Райский внезапно разразился нервным хохотом и сел подле нее.
— Вот так! Я вижю, что вы угадали меня… — прибавила она шепотом.
Райский окончательно развеселился: «Эта, по крайней мере, играет наивно комедию, не скрывается и не окружает себя туманом, как та…» — думал он.
— Ах, как это мило! charmant, се paysage![81] — говорила между тем Крицкая, рассматривая рисунки. — Qu’est-ce que c’est que cette belle figure?[82] — спрашивала она, останавливаясь над портретом Беловодовой, сделанным акварелью. — Ah, que c’est beau![83] Это ваша пассия — да? признайтесь.
— Да.
— Я знала — oh, vous êtes terrible, allez![84] — прибавила она, ударив его легонько веером по плечу.
Он засмеялся.
— N’est-ce pas?[85] Много вздыхают по вас? признайтесь. А здесь еще что будет!
Она остановила на нем плутовский взгляд.
— Monstre! — произнесла она лукаво.
«Боже мой! Какая противная: ее прибить можно!» — со скрежетом думал он, опять впадая в ярость.
— У меня есть просьба к вам, m-r Boris… надеюсь, я уже могу называть вас так… Faites mon portrait.[86]
Он молчал.
— Ма figure у prête, j’espère?[87]
Он молчал.
— Вы молчите, следовательно это решено: когда я могу прийти? Как мне одеться? Скажите, я отдаюсь на вашу волю — я вся вашя покорная раба… — говорила она шепелявым шепотом, нежно глядя на него и готовясь как будто склонить голову к его плечу.
— Пустите меня, ради Бога: я на свежий воздух хочу!.. — сказал он в тоске, вставая и выпутывая ноги из ее юбок.
— Ах, вы в ажитации: это натурально — да, да, я этого хотела и добилась! — говорила она, торжествуя и обмахиваясь веером. — А когда портрет?
Он молча выпутывал ноги из юбок.
— Вы в плену, не выпутаетесь! — шаловливо дразнила она, не пуская его.
— Пустите меня: не то закричу!
В это время отворилась тихонько дверь, и на пороге показалась Вера. Она постояла несколько минут, прежде нежели они ее заметили. Наконец Крицкая первая увидела ее.
— Вера Васильевна: вы воротились, ах, какое счастье! Vous nous manquiez![88] Посмотрите, ваш cousin в плену, не правда ли, как лев в сетях! Здоровы ли вы, моя милая, как поправились, пополнели…
И Крицкая шла целоваться с Верой. Вера глядела на эту сцену молча, только подбородок дрожал у ней от улыбки.
— Я вас давно ждал! — заметил ей Райский сухо.

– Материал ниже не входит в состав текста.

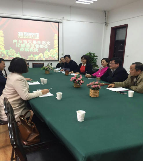 11月3日上午,外国语学院院长王黎生、党总支书记闫合占、副院长海霞带领学院社会服务团队负责人,在院会议室与内乡宝天曼生态文化旅游管委会主任王晓杰一行就关于景区外语语言文化环境建设、共建大学生社会实践教学实习就业基地等问题进行了合作洽谈。在洽谈中,双方首先表达了合作的强烈意愿,然后就培养英、日、韩三种语言的景区讲解员、共建大学生社会教学实习就业基地、景区材料的翻译、文化交流培训、共同进行景区的语言文化建设研究、共同培养服务地方经济建设的新型人才以及共促外语课程实践教学改革等方面进行了详细交流和磋商,并达成一系列协议。 最后外国语学院院长王黎生总结发言,她首先肯定了此次合作的重大意义,同时表达了对实现外国语学院为内乡景区语言文化环境建设和服务地方经济发展贡献力量的愿望,鼓励社会团队负责人打开思路,创新形式,为我院的外语实践教学开辟新的通道,争取为学生提供更多良好的实习就业机会。

— Я хорошо сделала, что замешкалась, — с вежливой иронией сказала Вера, поздоровавшись с Крицкой. — Полина Карповна подоспела кстати…
— N’est-ce pas?[89] — подтвердила Крицкая.

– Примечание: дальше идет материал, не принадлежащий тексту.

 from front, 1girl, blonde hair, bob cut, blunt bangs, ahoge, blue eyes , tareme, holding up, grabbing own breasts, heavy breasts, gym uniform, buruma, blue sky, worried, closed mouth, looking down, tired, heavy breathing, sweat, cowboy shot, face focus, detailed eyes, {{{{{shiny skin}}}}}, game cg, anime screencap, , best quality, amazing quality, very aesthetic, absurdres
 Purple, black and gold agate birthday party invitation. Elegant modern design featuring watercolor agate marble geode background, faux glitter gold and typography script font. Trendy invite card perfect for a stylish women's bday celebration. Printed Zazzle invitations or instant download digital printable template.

— Она, верно, лучше меня поймет: я бестолкова очень, у меня вкуса нет, — продолжала Вера и, взяв два-три рисунка, небрежно поглядела с минуту на каждый, потом, положив их, подошла к зеркалу и внимательно смотрелась в него.
— Какая я бледная сегодня! У меня немного голова болит: я худо спала эту ночь. Пойду отдохну. До свидания, cousin! Извините, Полина Карповна! — прибавила она и скользнула в дверь.
Шагов ее не слышно было за дверью, только скрып ступеней давал знать, что она поднималась по лестнице в комнату Марфиньки.
— Теперь мы опять одни! — сказала Полина Карповна, осеняя диван и половину круглого стола юбкой, — давайте смотреть! Садитесь сюда, поближе!..
Райский молча, одним движением руки, сгреб все рисунки и тетради в кучу, тиснул всё в самую большую папку, сильно захлопнул ее и, не оглядываясь, сердитыми шагами вышел вон.
XVII
Райский решил платить Вере равнодушием, не обращать на нее никакого внимания, но вместо того дулся дня три. При встрече с ней скажет ей вскользь слова два, и в этих двух словах проглядывает досада.
Он запирался у себя, писал программу романа и внес уже на страницы ее заметку «о ядовитости скуки». Страдая этим, уже не новейшим недугом, он подвергал его психологическому анализу, вынимая данные из себя.
Ему хотелось уехать куда-нибудь еще подальше и поглуше, хоть в бабушкино Новоселово, чтоб наедине и в тишине вдуматься в ткань своего романа, уловить эту сеть жизненных сплетений, дать одну точку всей картине, осмыслить ее и возвести в художественное создание.
Здесь всё мешает ему. Вон издали доносится до него песенка Марфиньки: «Ненаглядный ты мой, как люблю я тебя!» — поет она звонко, чисто, и никакого звука любви не слышно в этом голосе, который вольно раздается среди тишины в огороде и саду; потом слышно, как она беспечно прервала пение и тем же тоном, каким пела, приказывает из окна Матрене собрать с гряд салату, потом через минуту уж звонко смеется в толпе соседних детей.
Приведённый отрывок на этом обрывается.